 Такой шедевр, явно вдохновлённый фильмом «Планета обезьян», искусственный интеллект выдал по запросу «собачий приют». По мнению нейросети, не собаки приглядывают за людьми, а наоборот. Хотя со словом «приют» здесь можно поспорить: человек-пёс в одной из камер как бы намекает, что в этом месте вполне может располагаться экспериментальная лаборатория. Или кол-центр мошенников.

--

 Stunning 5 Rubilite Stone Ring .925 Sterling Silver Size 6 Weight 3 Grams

...

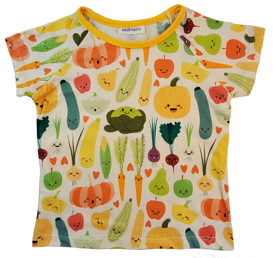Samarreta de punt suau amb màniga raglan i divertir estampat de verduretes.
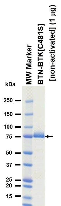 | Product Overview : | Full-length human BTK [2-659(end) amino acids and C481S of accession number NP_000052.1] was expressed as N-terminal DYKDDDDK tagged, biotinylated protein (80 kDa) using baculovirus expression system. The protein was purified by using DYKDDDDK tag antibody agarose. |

WORK REQUEST. Leave the pictures out. Output, exactly, the lines of the material above starting at the line containing "Samarreta de punt" and ending at the line containing "antibody agarose. |".

COMPLETED TASK.
Samarreta de punt suau amb màniga raglan i divertir estampat de verduretes.
 | Product Overview : | Full-length human BTK [2-659(end) amino acids and C481S of accession number NP_000052.1] was expressed as N-terminal DYKDDDDK tagged, biotinylated protein (80 kDa) using baculovirus expression system. The protein was purified by using DYKDDDDK tag antibody agarose. |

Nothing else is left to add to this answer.